Still, Birnbaum would like to see more transparency with VOD numbers. “Particularly with publicly traded companies, it can only go on for so long without greater transparency, because shareholders are going to want information to make an informed decision,” Birnbaum speculates. “If there’s enough shareholder pressure placed on that company to divulge more than just what their revenues and profit margins are, that would be an important metric that enters the fold. Particularly when these competing companies are going for market share and want to demonstrate that they’re at the top of all competitors vying for that marketplace share, there has to be breaking point sometime soon for greater transparency.” Filmmakers and sales companies will also benefit from knowing those numbers. “They’re going to want greater knowledge of ‘what’s really the most successful multi-platform release company before I sell away my film to company X, Y, or Z?’ I’d really want to know numbers that I can’t get access to.”

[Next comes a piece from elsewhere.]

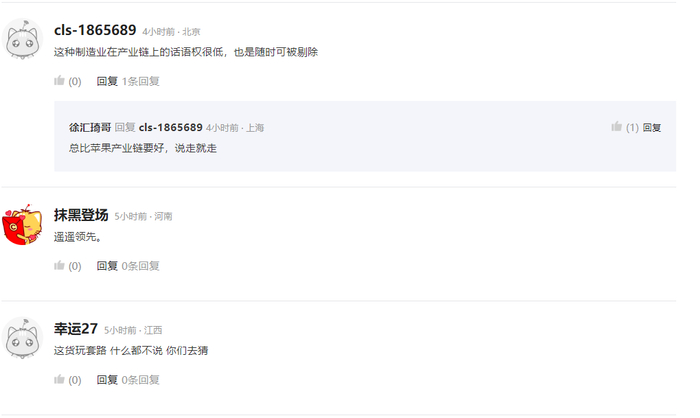 消息一出,众多网友纷纷在财联社APP热议。有人表示,“这种制造业在产业链上的话语权很低,也是随时可被剔除”,还有人表示“总比苹果产业链要好,说走就走”...

Ultimately, Birnbaum doesn’t see VOD as the main competitor or legitimate source of fear for art house exhibitors. That distinction goes to quality television. He points to “shows that are significantly more substantial than many of the movies that the studios are putting out, qualitatively speaking. All of that is a greater threat than VOD releases. The cable companies and companies like Netflix and Amazon are trying to create original content of quality that will appeal to people that would otherwise go to the movies to see something high-minded.”
One of Birnbaum’s counterparts on the distributor side, Andrew Carlin, director of theatrical sales for Oscilloscope Laboratories, voiced strong continued support for traditional theatrical strategies. When asked what area of business in distribution would benefit from further investment and injection of resources, he said, “As a theatrical sales person, any money that can go back into the theatrical release is money well spent. I’d love to see that money go toward not even necessarily bigger ads, but flying the filmmaker to different markets to bring in that kind of engagement…that’s the kind of thing that’s exciting for audiences.” Oscilloscope is one of a handful of distributors of its size to announce a TIFF acquisition this year, for the Spanish film Ma Ma starring Penélope Cruz.